The development of two dimensional NMR in the 1970s was probably the greatest advance in the history of the technique. The addition of another dimension to NMR spectra expanded the types of information obtainable and made possible the vast array of tailored multi-dimensional experiments available today. The development of two dimensional experiments relied upon the introduction of pulsed NMR and the use of the fourier transform to process the data. To generate two dimensional data a variable delay between two pulses must be used. Incrementing the variable delay allows chemical shift information to be regularly sampled and later processed with the fourier transform to give a second dimension. Read on for more details.

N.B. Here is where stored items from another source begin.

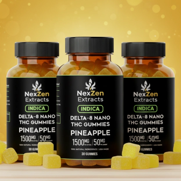 The Delta-8 Nano THC Gummies – Pineapple – Indica is an excellent brand of gummies that are tasty and tropical, act on us fairly quickly and definitely provide a strong sense of relaxation. They are perfect to use to unwind after a long day, along with your wind down routine for sleep, or just to have a pleasantly mellow euphoric next hour or two.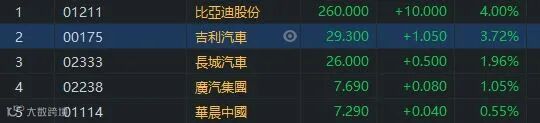 吉利汽车在昨日收盘后发布2021年1月销量公告:单月汽车批发总销量(含领克)15.6万辆,同比增长40%,环比增长1%;其中,新能源汽车销量4,289辆,占总销量2.7%;出口销量10,031辆,同比增长343%;中国市场销量14.6万辆,同比增长34%,完成全年目标153万辆的10%。吉利汽车(00175)升3.72%,收市报29.3元。比亚迪(01211)升4%,收市报260元。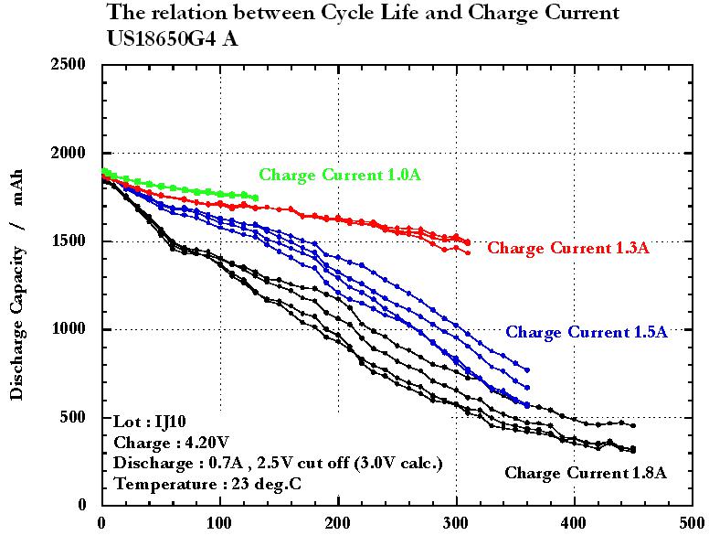 以单体锂离子电池为例, 它的充电方式是恒压恒流,恒压为4.2V,而恒流为0.1C~1C。大电流的充电会造成电池生命周期的缩短,容量的降低。下面是一个4.2V/1800MAH的不同电流充电曲线。 通常的选择是在充电完成时间允许的范围内(现在通常按8~10小时来算),选择越小的充电电流越好!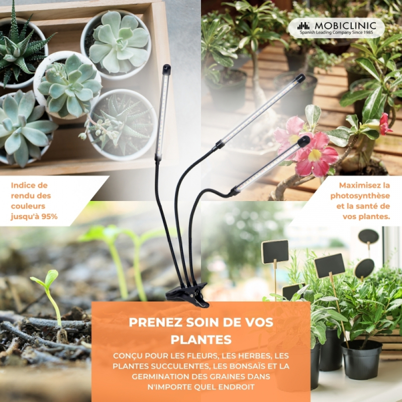 Lámpara de cultivo | LED | 3 modos | 6000K| Negro| Temporizador | 10 niveles de brillo | Giro 360º | Growflex x2| Mobiclinic María . Muy recomendable para los que quieran un cuidado extra para sus plantas 15/11/2023 |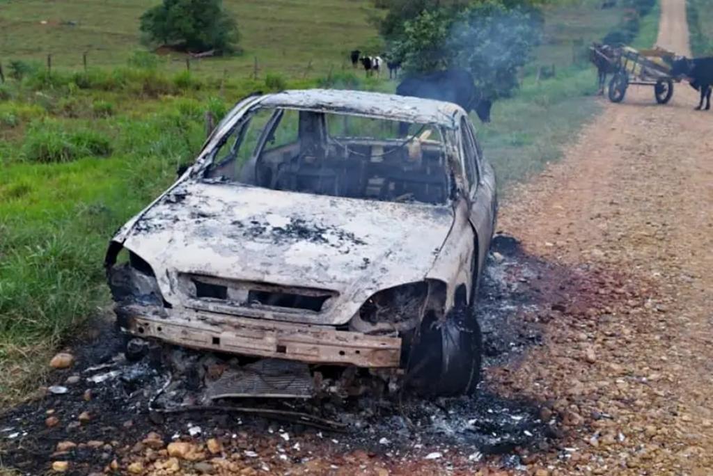 O carro, de cor cinza, foi localizado em uma estrada rural do Distrito de Rio Bonito, totalmente destruído.

On a modern, pulsed spectrometer a 1D NMR spectrum is acquired by applying a 90o pulse and recording the intensity of the magnetisation precessing in the xy-plane. As the magnetisation sweeps towards a detector the measured intensity increases then decreases as the magnetisation moves on, creating a sinusoidal signal. As the magnetisation relaxes back to equilibrium along the z-axis the overall intensity decreases, creating a decaying sinusoidal signal known as the Free Induction Decay (FID). The frequency that the magnetisation rotates in the xy-plane corresponds to the chemical shift. Fourier transformation converts the time-domain FID to a frequency-domain spectrum, as explained in more detail here.
Note that all the data is digitized. The FID is a list of intensity - time pairs that records the signal intensity at regular time intervals, and the spectrum is a list of intensity - frequency pairs.
Two dimensional NMR requires at least two pulses separated by a delay, labelled Δ in the figure below. As the delay is increased different FIDs, and thus spectra, are obtained. Typically the delay is incremented hundreds of times and hundreds of FIDs are recorded. Fourier transformation of all the FIDs produces a collection of 1D spectra where the signals are modulated by the length of the incremented delay.
Every one of the 1D spectra obtained after the first fourier transform consists of points with three values - intensity, frequency (chemical shift from the first FT), and time (the delay used). Extracting the intensity from the first point in each of the 1D spectra and plotting it against the delay value produces an FID-like signal, known as an interferogram. Repeating this process for the second point, and the third, and so on, produces a collection of interferograms, as shown in the figure below. Fourier transformation of the interferograms converts from the time domain to the frequency domain producing a collection of points that describe intensity at two frequency co-ordinates. In the figure below stack plot representations are used, but more often two-dimensional NMR data is shown as a contour plot.
The key concept here is that the chemical shift signal in the second dimension is recorded one point at a time. Matrix manipulation of the data during processing allows interferograms to be constructed that can be fourier transformed to obtain data points with two frequency co-ordinates.